## DESCRIPTION OF THE TASK
Output the lines of the records from the one containing "荒涼とした溶岩台地。猫じゃら" through the last, both ends included. Leave pictures out.

[Recorded data]

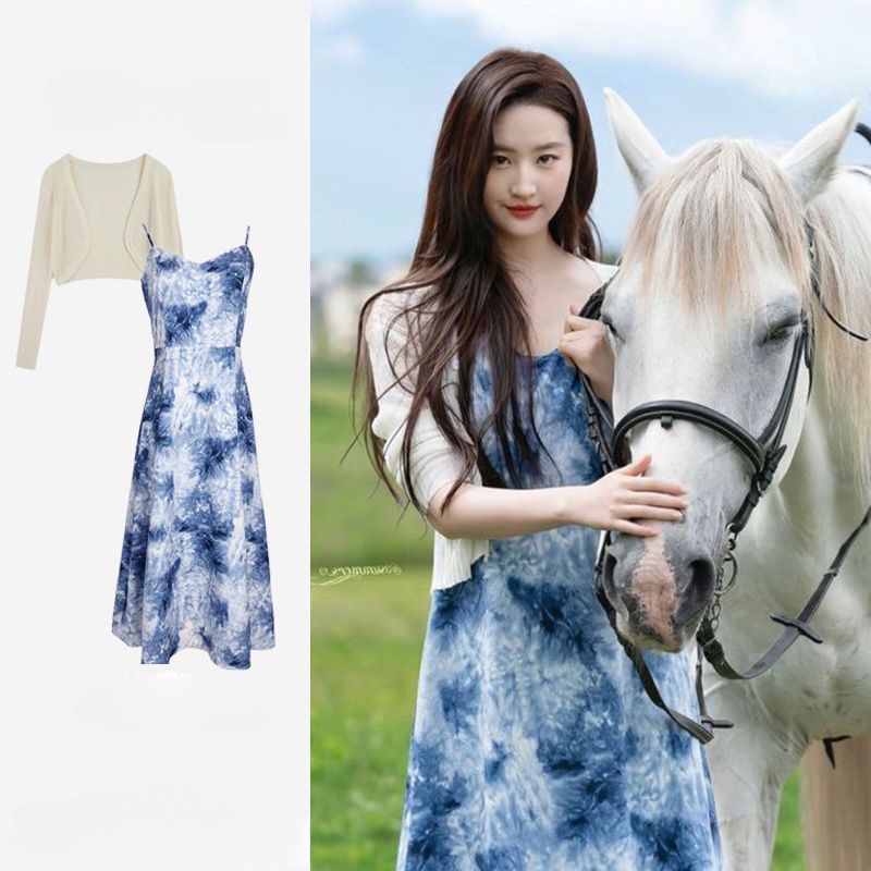 | nameOriginal | Go to Windy Places Xu Hongdou Same Style Liu Yifei Blue Sling Strap dress Holiday Skirt Beach Skirt |
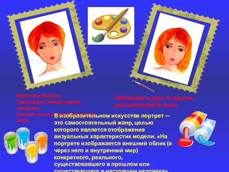 В изобразительном искусстве портрет — это самостоятельный жанр, целью которого является отображение визуальных характеристик модели. «На портрете изображается внешний облик (а через него и внутренний мир) конкретного, реального, существовавшего в прошлом или существующего в настоящем человека».
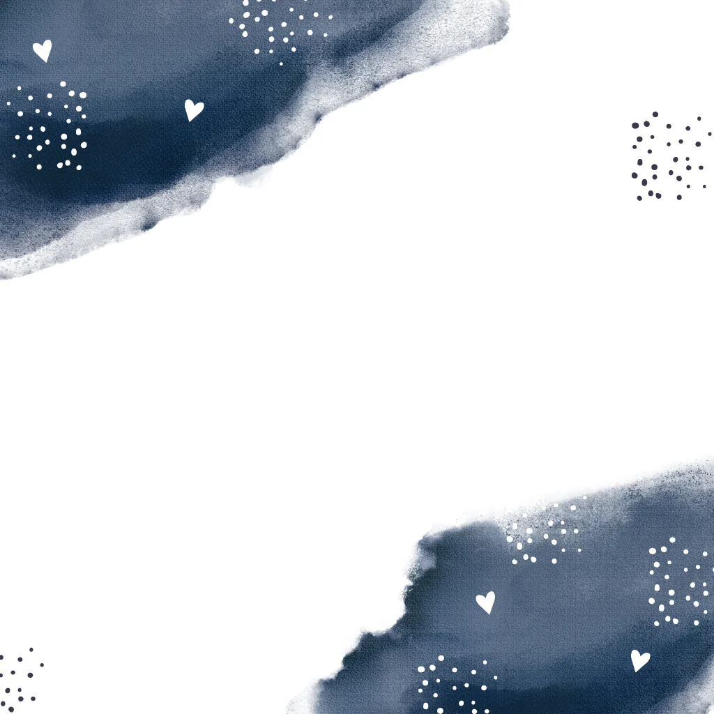 Geboortekaartje met blauwe waterverf en zilveren hartjes
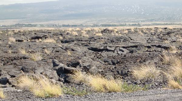 荒涼とした溶岩台地。猫じゃらしが枯れたような草が生えている。この草は硬く、弱い風では揺れない。これが揺れているときは結構強い風。
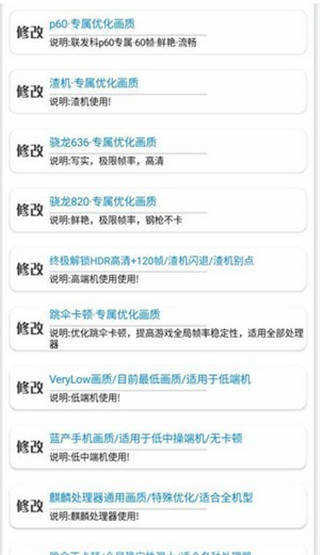 2、根据你的手机和CPU选取合适的优化包,轻易收获更加舒适的游戏体验。
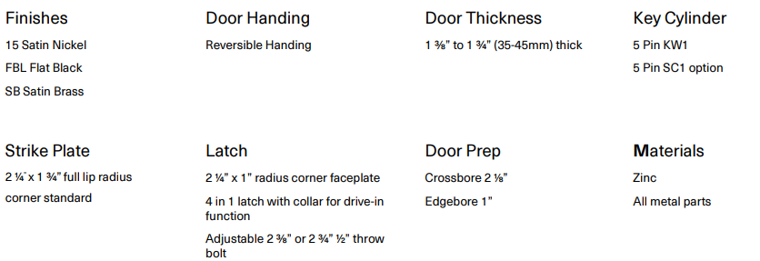 - Adjustable 2⅜” – 2¾” (60-70mm) backset
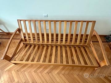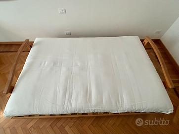 Divano letto Futon originale dimensioni aperto 140x209(195 letto). Dimensioni chiuso 105x209 Completo di copri-Futon in puro cotone bianco sfoderabile con chiusure lampo. In ottime condizioni, con lievi segni di uso.

## EXERCISE RESPONSE
 荒涼とした溶岩台地。猫じゃらしが枯れたような草が生えている。この草は硬く、弱い風では揺れない。これが揺れているときは結構強い風。
 2、根据你的手机和CPU选取合适的优化包,轻易收获更加舒适的游戏体验。
 - Adjustable 2⅜” – 2¾” (60-70mm) backset
 Divano letto Futon originale dimensioni aperto 140x209(195 letto). Dimensioni chiuso 105x209 Completo di copri-Futon in puro cotone bianco sfoderabile con chiusure lampo. In ottime condizioni, con lievi segni di uso.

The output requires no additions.